Epclusa® (sofosbuvir/velpatasvir)

Use for 8 Weeks

This document presents available data regarding the use of Epclusa® (sofosbuvir/velpatasvir [SOF/VEL]) in patients for an 8-week duration for the treatment of HCV. SOF/VEL is not indicated for an 8-week treatment duration.

Some data may be outside of the US FDA-approved prescribing information. In providing this data, Gilead Sciences, Inc. is not making any representation as to its clinical relevance or to the use of any Gilead product(s). For information about the approved conditions of use of any Gilead drug product, please consult the FDA-approved prescribing information.
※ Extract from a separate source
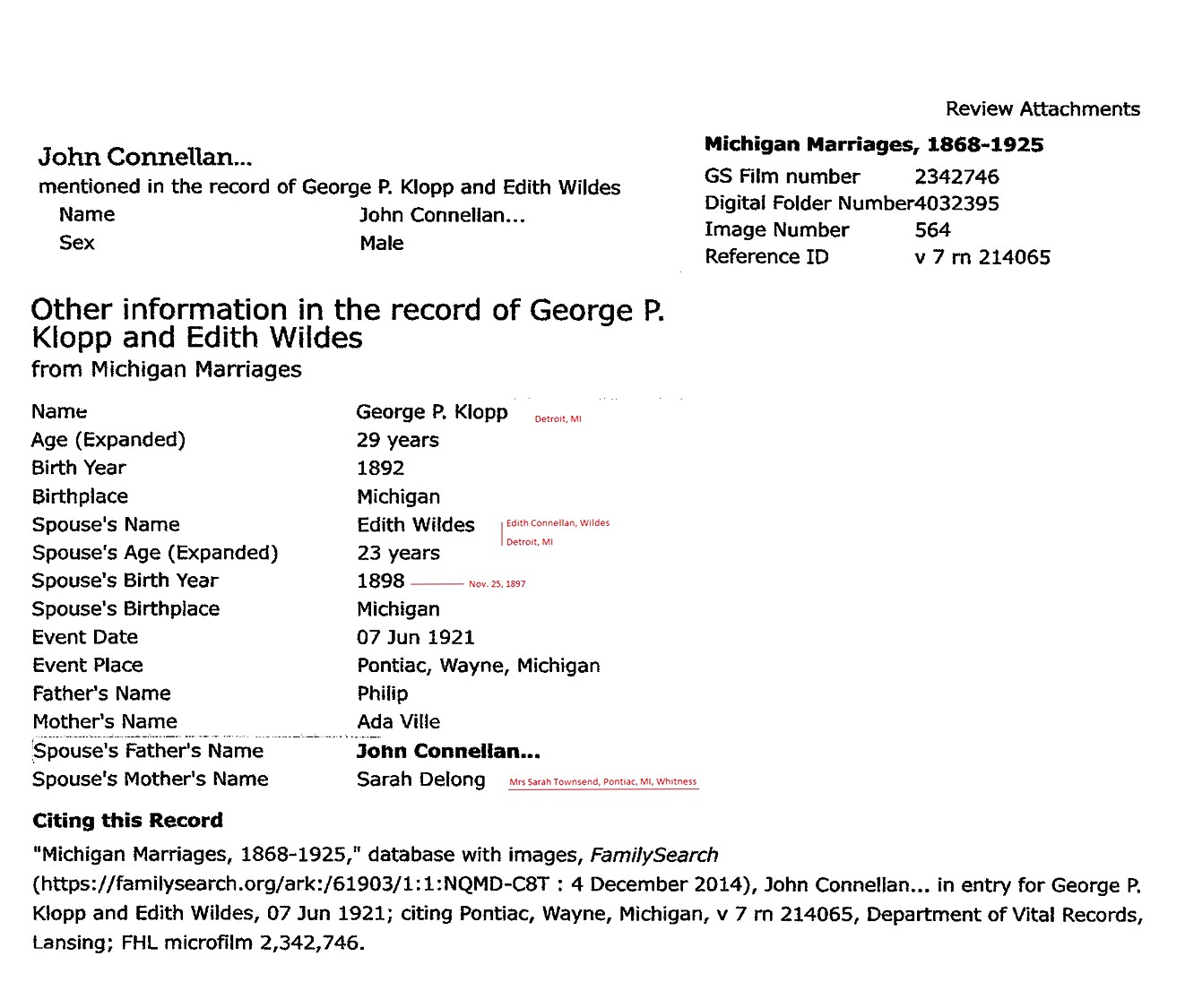 - Edith B. Connellan: Born November 5, 1897, in Cass City, Tuscola Co., MI; Died 1957 - 1984 in Unknown . Married (1) Unknown, to William F. Wilds: Born 1893, in Michigan; Died May 4, 1962, in Michigan (about age 69). Buried in Lakeview Cemetery, Clarkston, Oakland Co., MI. Divorced about 1920 in Michigan. Married (2) June 7, 1921, in Pontiac, Wayne Co., MI, to George P. Klopp: Born March 26, 1892, in Michigan; Died December 14, 1952, in Mecosta Co., MI (age 60). Buried in Carleton Cemetery, Carleton, Monroe Co., MI. Divorced July 29, 1927, in Wayne Co., MI. He had charged her with Extreme Cruelty. Married (3) June 23, 1928, in Detroit, Wayne Co., MI, to Oscar Joseph Callens: Born January 30, 1895, in Courtrai, W. Flanders, Gulleghem, Belgium; Died December 12, 1958, in Detroit, Wayne Co., MI (age 63). Divorced September 25, 1946, in Wayne Co., MI.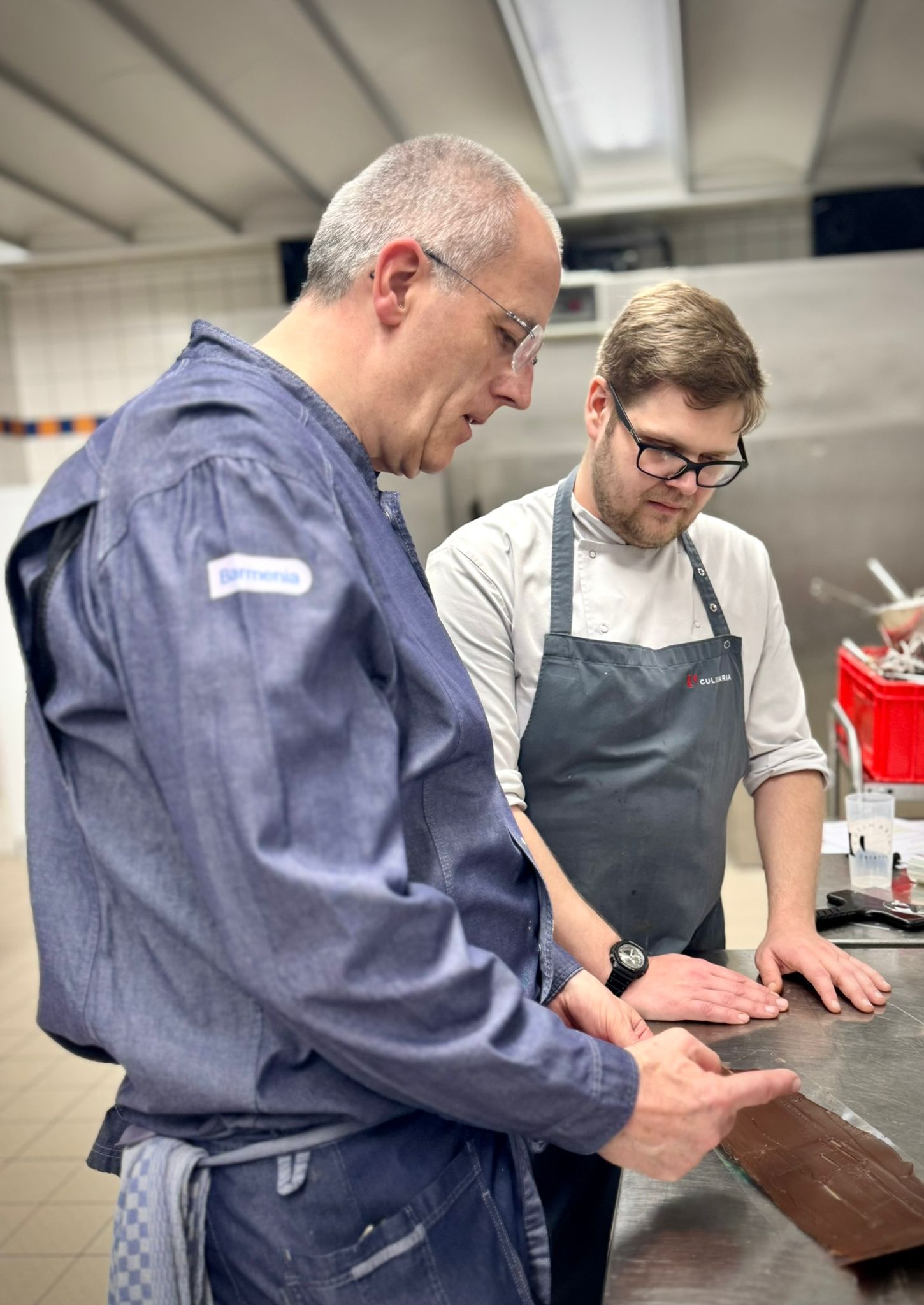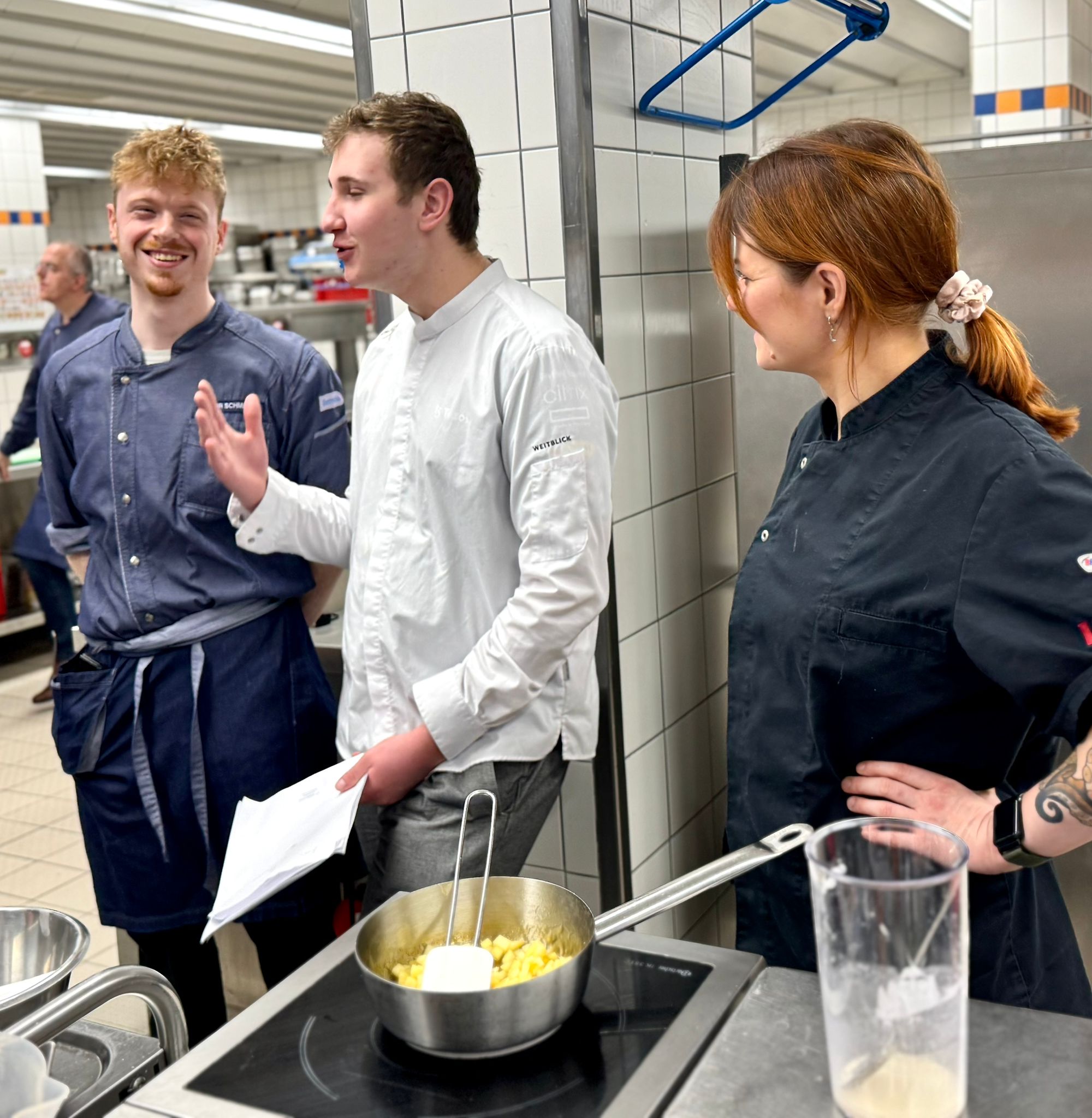 Jürgen Asmus (Küchenchef Barmenia), Mathias Trimborn (Patissier, Freelancer) sowie Louisa Von Dewall (Patissière Culinaria) begleiteten den Workshop mit großem Engagement und fachlicher Expertise. Besonders hervorzuheben ist dabei die Rolle von Louisa Von Dewall, die erst kürzlich ihre Abschlussprüfung mit ausgezeichnetem Ergebnis absolviert hat und in diesem Workshop als Tutorin wertvolle Impulse geben konnte.

The full indication, important safety information, and boxed warnings are available at:
www.gilead.com/-/media/files/pdfs/medicines/liver-disease/epclusa/epclusa_pi.

Summary

Product Labeling1

In patients ≥3 years of age with HCV GTs 1, 2, 3, 4, 5, or 6, SOF/VEL for 12 weeks is the recommended treatment duration in TN or TE patients without cirrhosis and with compensated cirrhosis (Child-Pugh A); and SOF/VEL + RBV for 12 weeks is the recommended treatment duration in TN or TE participants with decompensated cirrhosis (Child-Pugh B or C). Treatment for 8 weeks is not indicated.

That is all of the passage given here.